Ancor più della retrospettiva Anni Settanta, alla Rotonda delle Besana, ove i suoi lampeggianti flash optical dialogavano magnificamente con le colonne barocche del lazzaretto, questa, concertata da Leo Guerra e Cristina Quadrio Curzio, alterna il suo profetico «mestiere» di grafico, con la sua appunto «sterminata» e non ancora completamente sondata attività d’artista visual-visionario.
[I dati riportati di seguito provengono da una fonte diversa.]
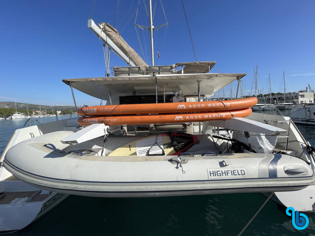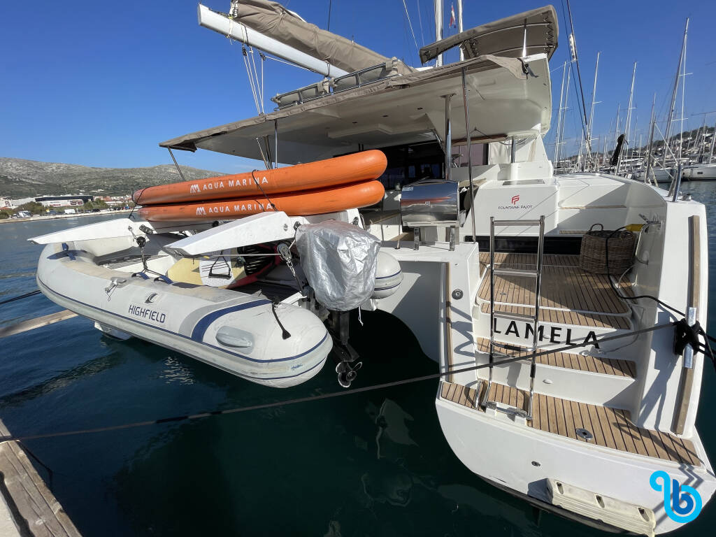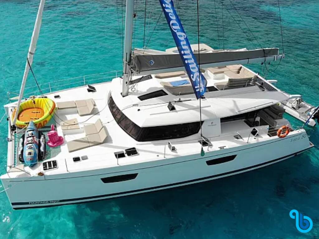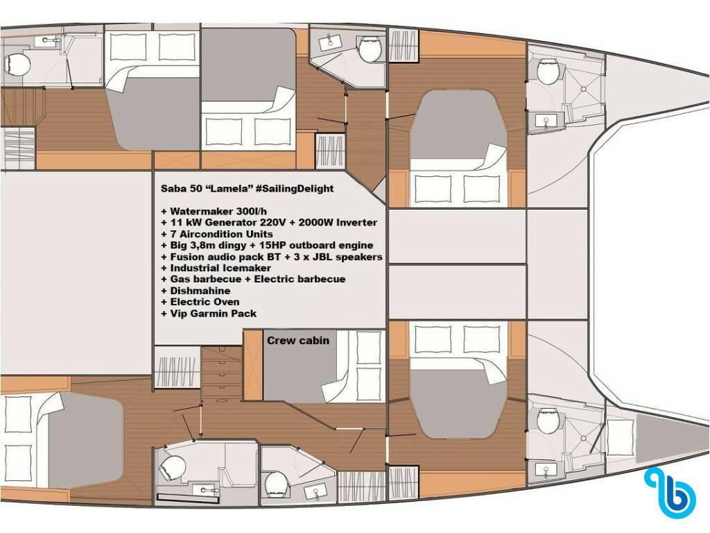 El Saba 50 Lamela (Catamarán), fue lanzado en 2018 y tiene su sede en Islas jónicas en el puerto deportivo de la ciudad de Lefkas, Marina Lefkas. El casco está equipado con 6 cabinas de barco y 6 wáter y está aprobado para acomodar cómodamente 14 gente .

Inafferrabile per originalità, e riserbo sperimentale, per tanto ben più noto all’estero (le sue opere essendo contemplate in musei come lo Stedelijck, il Moma e il V & A), è stato non a caso più omaggiato da estetologhi, «eretici»e curiosi, come Ballo o Dorfles o Bruno D’Amore, che non da critici d’arte ufficiali. Che invece hanno osannato l’optical più «ruffiano»di Soto e Vasarely. E oggi non è un caso che a recuperarlo, nel prezioso catalogo Credito Valtellinese, sia il figlio di un grande teorico dell’estetica come Luciano Anceschi e, di suo, cultore e protagonista di quella poesia visiva, che l’ha non di meno trascurato.
Grignani, pavese (1908-1999) nasce futurista, e lo dimostra qui un nudo di donna, anatomicamente «ciclista», che ricorda molto il suo amato Boccioni, a dire il suo precoce interesse per la simultaneità dinamica. Poi passa attraverso il torinese Fillia e il milanese Munari. E se si guarda l’innovativa pubblicità, foto-montaggio alla Hearfield, copertina di Bellezza d’Italia, con la Mole Antonelliana raggiante, è difficile non pensare a certi ibridi sovraesposti di Veronesi o di Mollino, cui curiosamente assomiglia, con i suoi baffetti da cavallerizzo. E non sarà un caso ch’egli studi architettura nella stessa Torino post-crepuscolare.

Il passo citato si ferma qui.